The CoE police: Leadership, enforcement, and automation
Policing new technology initiatives involves creating a small set of common standards that should govern all the teams taking part. For generative AI projects, this could include creating consistent approaches to managing prompt recipes, agent development and testing, and access to developer tools and integrations. These rules should be lightweight, so that compliance is easy to achieve, but it also has to be enforced. Over time, this approach reduces any deviation away from the standards that have been designed and reduces management overheads and technical debt.

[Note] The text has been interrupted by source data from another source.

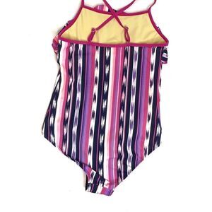 Lands End pink and purple vertical striped one piece swimsuit size 12+ kids. Ruffle top. Shelf bra. Adjustable cross straps. Very good condition. Length 26” Chest 14”.
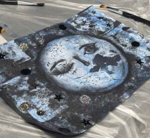 Efter de spændende oplæg, kastede pigerne sig ud i at skabe deres egne månebilleder, som kombinerede den videnskabelige rumforskning med kreativitet og hygge. Her fordybede pigerne sig i månens fascinerende udtryk, mens der blev spillet klassikere som ”Fly Me To the Moon” og andre af de utallige sange skrevet om månen.
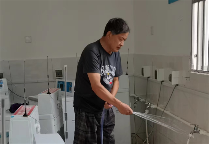 学生公寓管理科始终奋战在一线,炎炎夏日, 工作人员每日对宿舍进行检查维修,及时更换维修旧设备,维护新设备。对各公寓、楼层每台洗衣机进行拆卸清洗消毒,确保学生使用时干净、卫生、整洁。完成1--12号楼开水器滤芯更换,水箱水垢清理等消毒工作,确保师生安全用水。对毕业生房间全面清理打扫,不留卫生死角,并进行全面消毒,维护宿舍环境干净整洁,让返校学生安心入住。及时、用心的做好每一项水电日常维修、专项维修工作,全力守好学生公寓水电“生命线”。
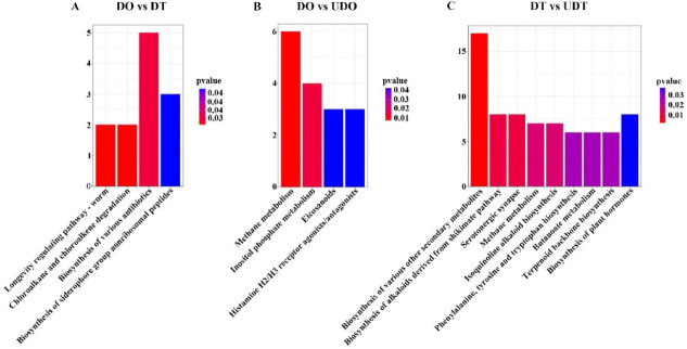 Fig. 6. KEGG pathway analysis of DEMs between the compared gonadal groups. The vertical axis represents the number of DEMs associated with each pathway, while the horizontal axis indicates the KEGG significantly pathways enriched by DEMs. Pathway maps are based on the KEGG database 42–44.
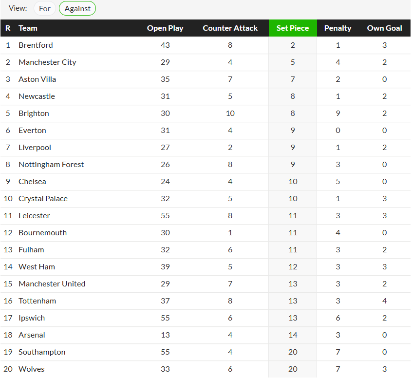 It is also interesting to note that purported specialists Arsenal conceded 14 in this manner, despite their impressive record in the opposition box.
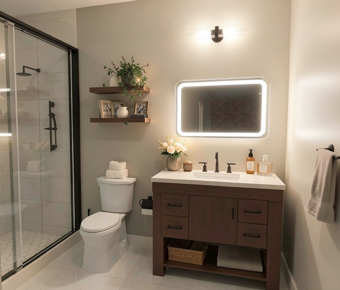 visualization of home fitness do not change any proportion the window frames brown wood with natural light streaming in through the large windows new wall panel with shelves for fitness staff oak matt big boards ceiling stright next to the panel oak creating c shape form of the wall panel put some small kettlebels on lower shelves 2 towels above 2 jogamats rolled on shorter shelves next to the tv and hang 1 jumping rope on hang on the right side of the flat tv make ambient light there is soft led lights under the shelves and 4 round light on the oak ceiling
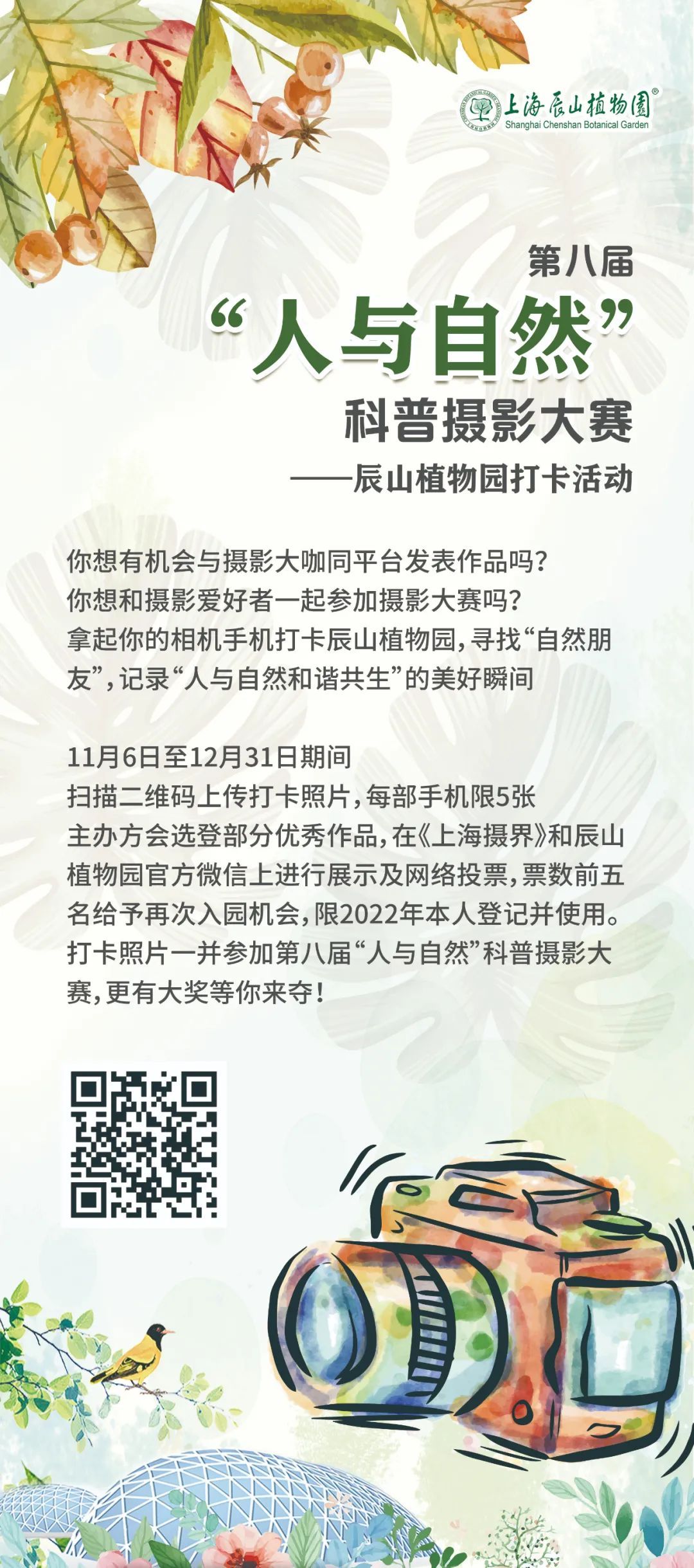 由辰山植物园,《上海摄界》结合第八届“人与自然”科普摄影大赛组织的辰山植物园摄影采风活动网络评选今天开始第一轮作品网络投票,票数前五名给予再次入园机会,当年内仅限本人登记并使用,第一轮作品评选截至日期2021年12月5日。

For example, these rules are necessary to manage the use of data in projects. Many generative AI projects will involve handling and deploying customer data, so how should this be implemented in practice? When it comes to customers’ personally identifiable information (PII) and the company’s intellectual property (IP), this data should be kept secure and separate from any underlying large language model (LLM), while still allowing it to be used within projects. PII and IP can be deployed and provide valuable additional context via prompt engineering, but it should not be available for the LLM to use as part of any re-training or retention.

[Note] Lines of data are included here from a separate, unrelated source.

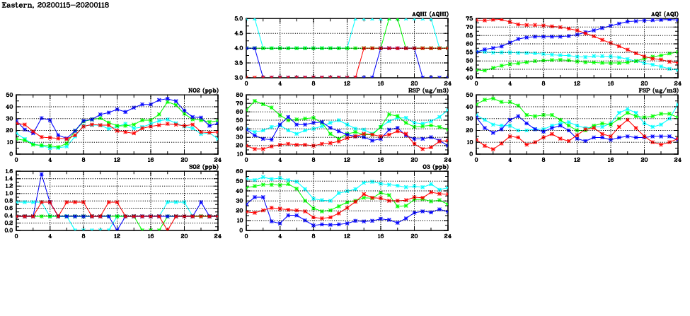 | Air Quality Data Time Series in Eastern (2020/01/18) | ( Line colors: Day -3 Day -2 Day -1 Current day ) | 2D Map Current AQHI |
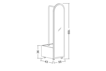 Ogledalo z obešalnikom na kolesih iz kolekcije Ana predstavlja inovativno in praktično rešitev za sodobne otroške in mladinske sobe. Ta kos pohištva združuje funkcionalnost ogledala z dodatkom mobilnega obešalnika, kar omogoča večnamensko uporabo in enostavno premikanje po prostoru.
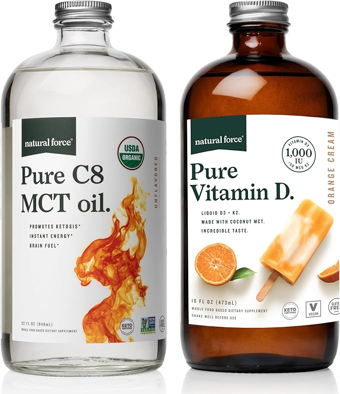 Natural Force Pure Vitamin D Orange Cream, 16 fl oz Organic Pure C8 MCT Oil 32 oz
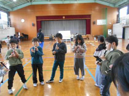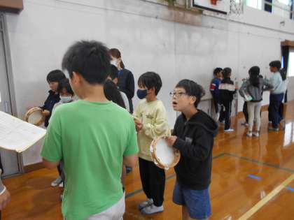 初めての体育館での練習。楽器・歌を教室でも練習して、本番に向けて頑張っています。
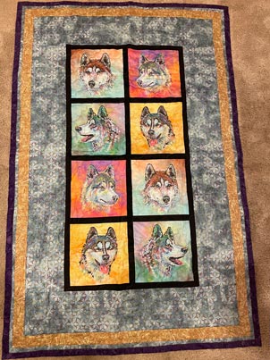 This quilt features 8 different Van Zyle Siberian Husky heads. The quilt is 40 x 60 inches and is all machine sewn. It has a lightweight batting.
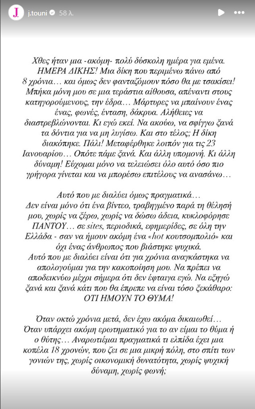 «Χθες ήταν μια -ακόμη- πολύ δύσκολη ημέρα για εμένα. ΗΜΕΡΑ ΔΙΚΗΣ! Μια δίκη που περίμενα πάνω από 8 χρόνια… και όμως δεν φανταζόμουν πόσο θα με τσακίσει! Μπήκα μόνη μου σε μια τεράστια αίθουσα, απέναντι στους κατηγορούμενους, την έδρα… Μάρτυρες να μπαίνουν ένας ένας, φωνές, ένταση, δάκρυα. Αλήθειες να διαστρεβλώνονται. Κι εγώ εκεί. Να ακούω, να σφίγγω ξανά τα δόντια για να μη λυγίσω. Και στο τέλος; Η δίκη διακόπηκε. Πάλι! Μεταφέρθηκε λοιπόν για τις 23 Ιανουαρίου… Οπότε πάμε ξανά. Και άλλη υπομονή. Κι άλλη δύναμη! Εύχομαι μόνο να τελειώσει όλο αυτό όσο πιο γρήγορα γίνεται και να μπορέσω επιτέλους να ανασάνω…
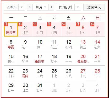 根据今年放假安排,国庆黄金周为10月1日—7日放假,9月29日—30日(星期六、日)上班;中秋节为9月22日—24日放假,其中,9月22日—23日为周末,9月24日(星期一)补休。
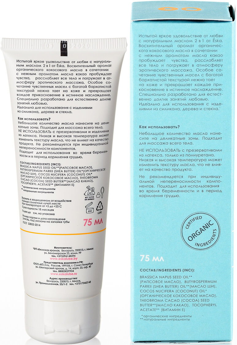 Натуральный лубрикант Ёska "2в1 на масляной основе" без вкуса, с ароматом какао и кокоса, для всех видов любви, 75мл.
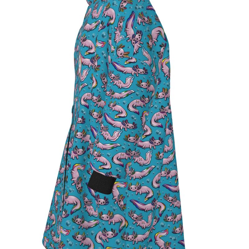 Made in the UK by our trusted production partner, this robe offers durability, long-lasting warmth, and reliable weather protection — all wrapped in an adorable axolotl print you won’t find anywhere else.
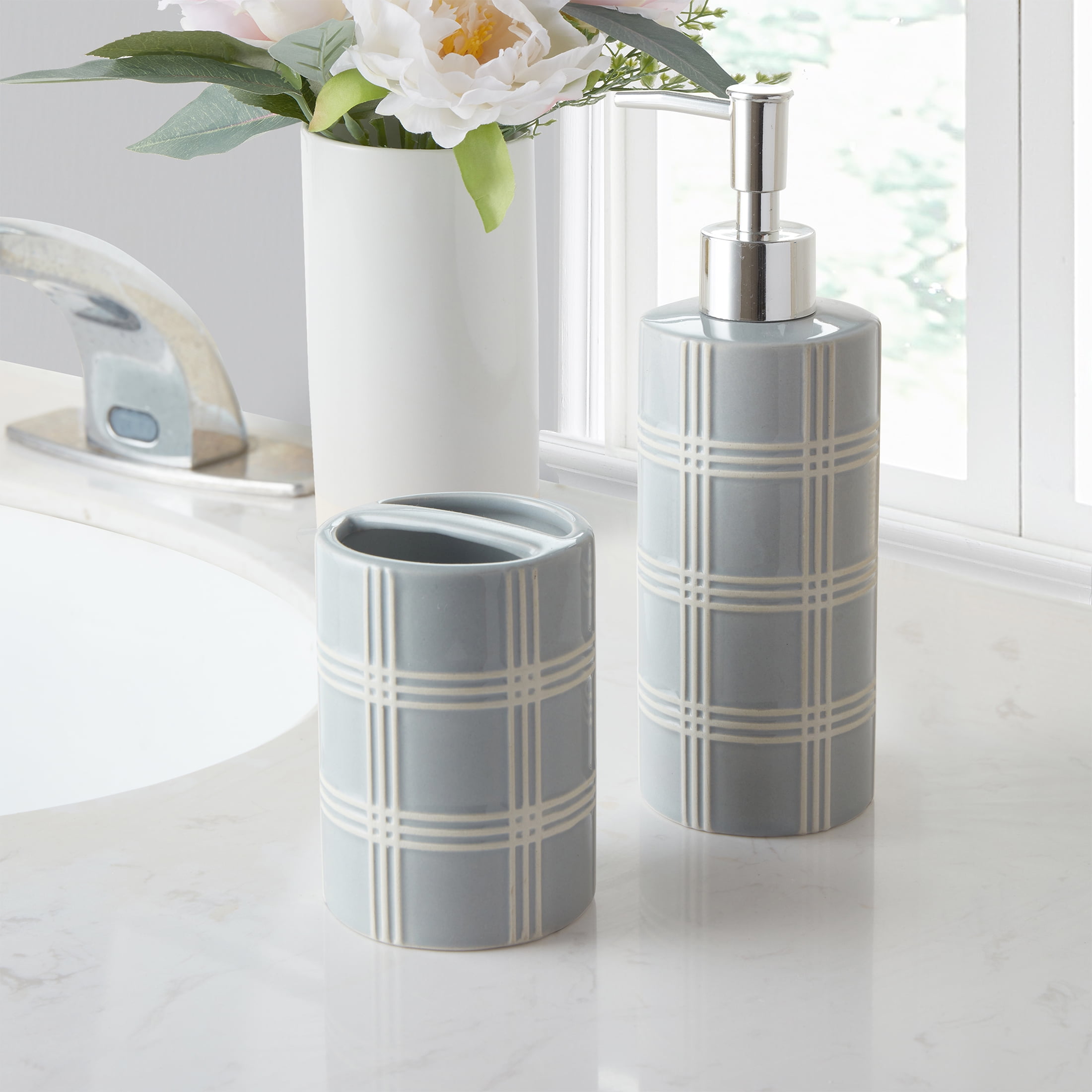 My Texas House Stafford 12 oz. Ceramic Embossed Plaid Soap Pump, White
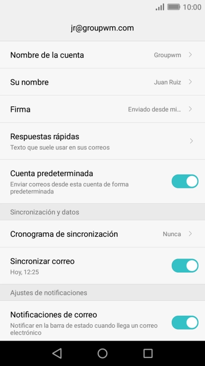 Pulsa Sincronizar correos desde esta cuenta para activar la función.
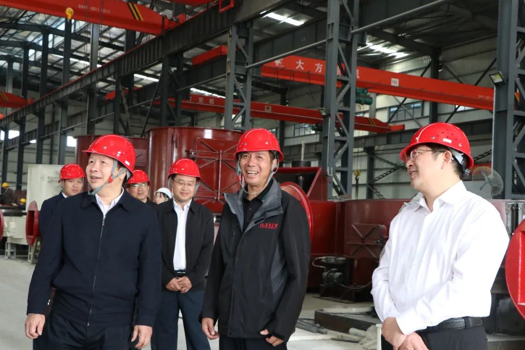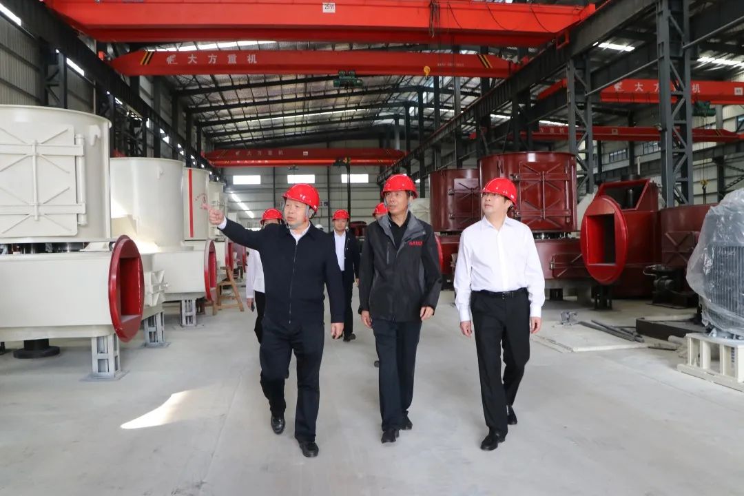 古書記等領導一行人在肖董的陪同下,走訪了公司生產現場,深入的了解桂礦的經營現狀。肖董向領導們匯報了公司的技術創新、發展戰略、市場需求趨勢等情況。并特別介紹了公司新研發的氫氧化鈣生產線與超細立磨等新產品。領導們對桂礦的發展給予了充分的肯定,并鼓勵加大創新力度,做好產品開發、推廣及應用工作,繼續保持住良好的發展勢頭。

The best approach around governance is to be pragmatic. This can involve picking your battles carefully, as being heavy handed or excessive in enforcing rules can hinder your teams and how they work, as well as increasing the costs associated with compliance. At the same time, there will be instances where your work is necessary and will involve closing experiments down where they risk privacy, or risk ethical use of data, or would cost too much over time. The overall aim is to avoid imposing cumbersome standards or stifling enthusiasm, and to concentrate on how to encourage best practices as standard.